In previous post, I wrote quick post about Huffman Coding. Apparently, Arithmetic Coding is replaces Huffman. It’s optional in MPEG and it’s part VP9 specs.

wiki describes it as

Arithmetic coding (AC) is a form of entropy encoding used in lossless data compression.

The encoding works by sending a value in range of probability [0,1](as fixed-point). Basically, It is decision tree on steroids. I really like the diagram on the wiki.

Example image

For this work, we need to define Probability for each symbol. Then process each symbol reducing the number as you go. The interesting part is sending more probable symbol means less digits which means less bandwidth needed. If we keep sending less probable symbols, The fraction gets bigger and more bits to encode the symbol stream. But who knows! I could be totally worng here.

The following example is a simple implementation of arithmetic coding. I found it in course notes.

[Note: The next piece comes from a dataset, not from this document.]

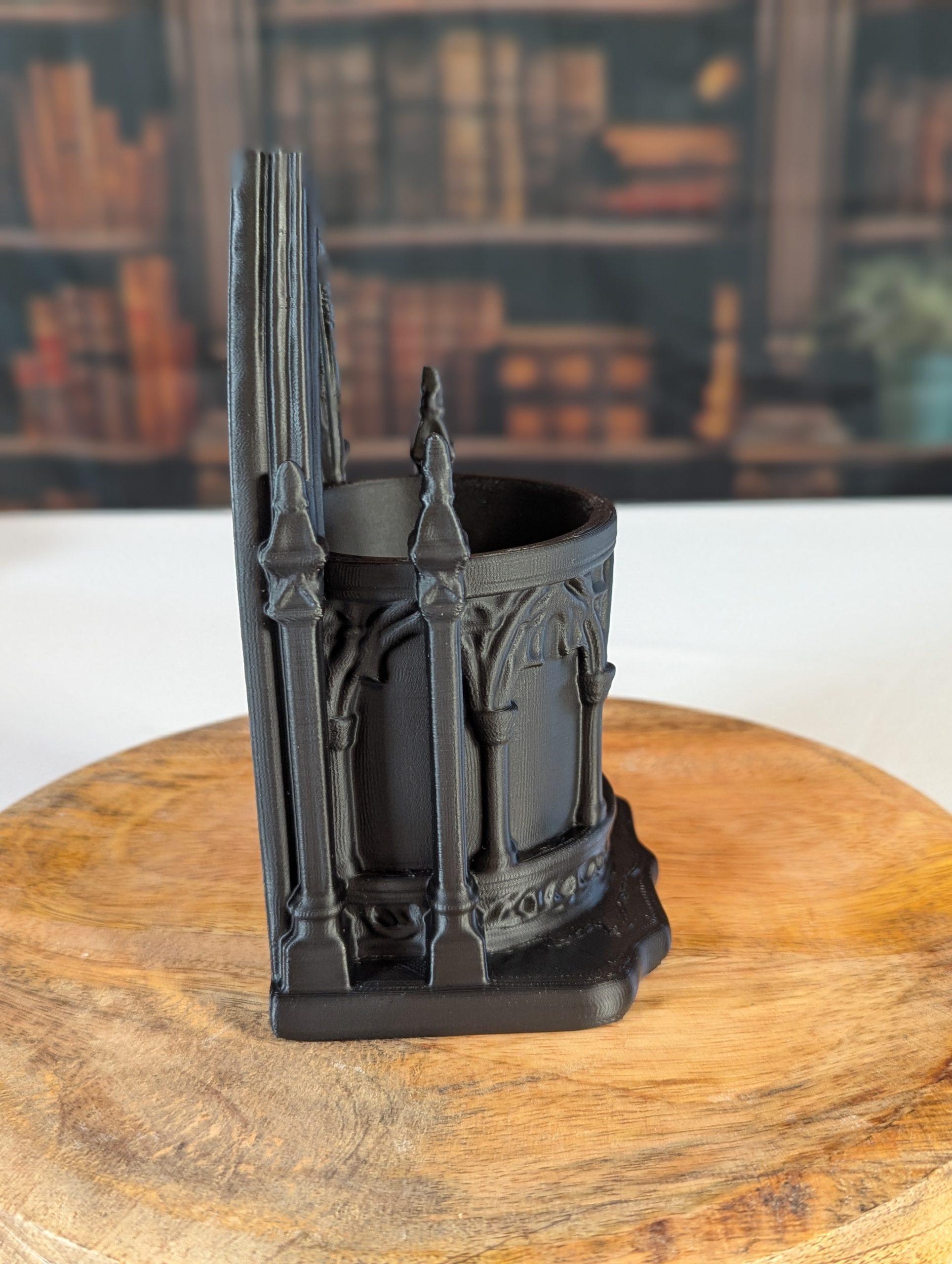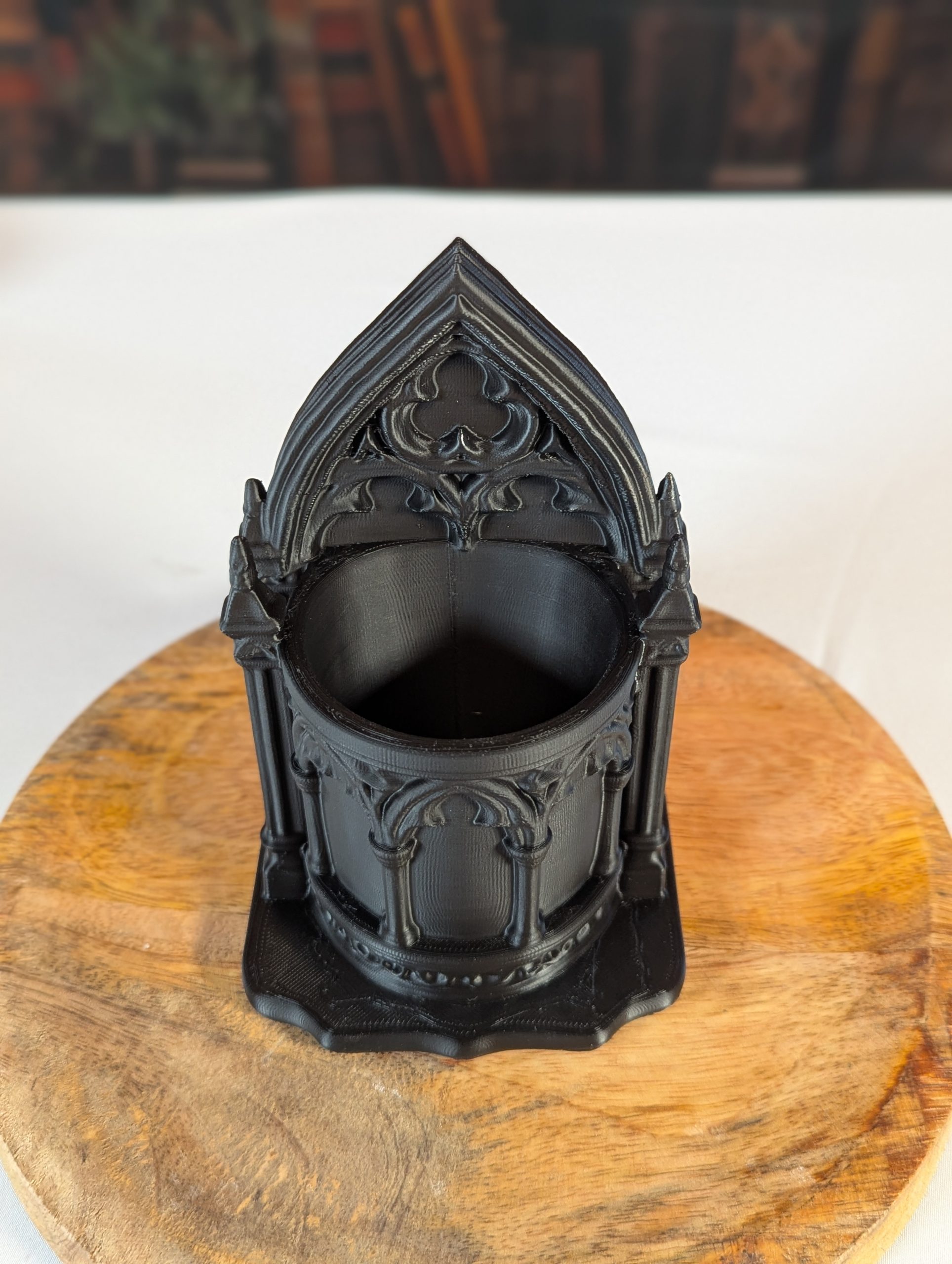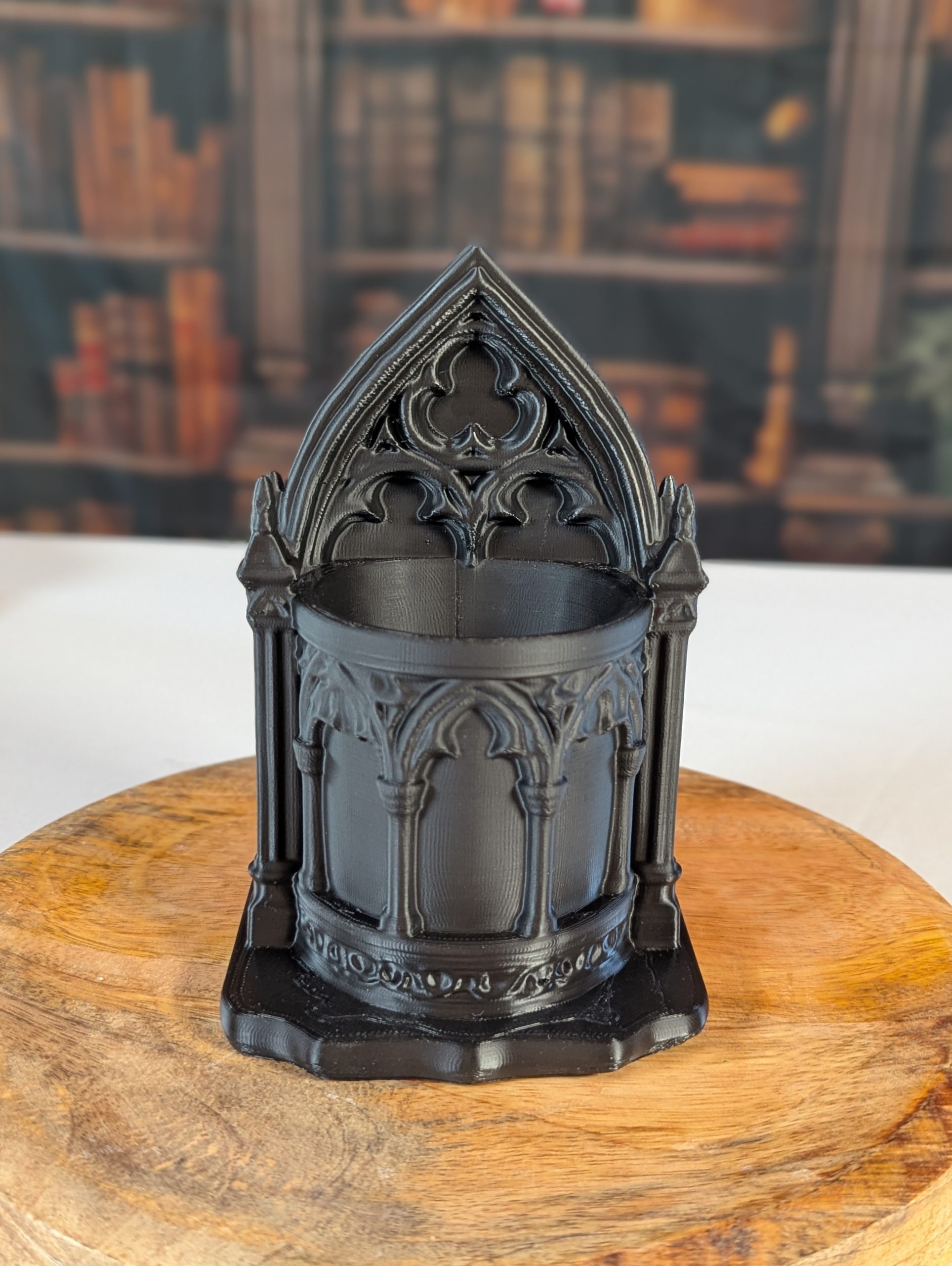 Dieser detailreiche Stifthalter im gotischen Stil erinnert an die Fenster und Bögen alter Kathedralen. Mit seinen filigranen Ornamenten und der dunklen Farbe bringt er eine mystische Atmosphäre auf deinen Schreibtisch oder in dein Bücherregal.

def encode(sym_id, low, high, freq):
    range_ = high - low
    high   =  low + range_ * freq[sym_id+1]
    low    =  low + range_ * freq[sym_id]
    return (range_, low, high)


STR = "eaii!"
freq = [("a", 0.0, 0.2),
        ("e", 0.2, 0.5),
        ("i", 0.5, 0.6),
        ("o", 0.6, 0.8),
        ("u", 0.8, 0.9),
        ("!", 0.9, 1.0)]

low = 0
high = 1

freq1 = [0] + [x[2] for x in freq]

print(freq1)

print("===================")
print("char range low high")
print("===================")
for i in STR:
    index = [x[0] for x in freq].index(i)
    (r, low, high) = encode(index, low, high, freq1)
    print((i, r, low, high))

And output of the above code is

[0, 0.2, 0.5, 0.6, 0.8, 0.9, 1.0]
===================
char range low high
===================
('e', 1, 0.2, 0.5)
('a', 0.3, 0.2, 0.26)
('i', 0.06, 0.23, 0.23600000000000002)
('i', 0.006000000000000005, 0.233, 0.2336)
('!', 0.0005999999999999894, 0.23354, 0.2336)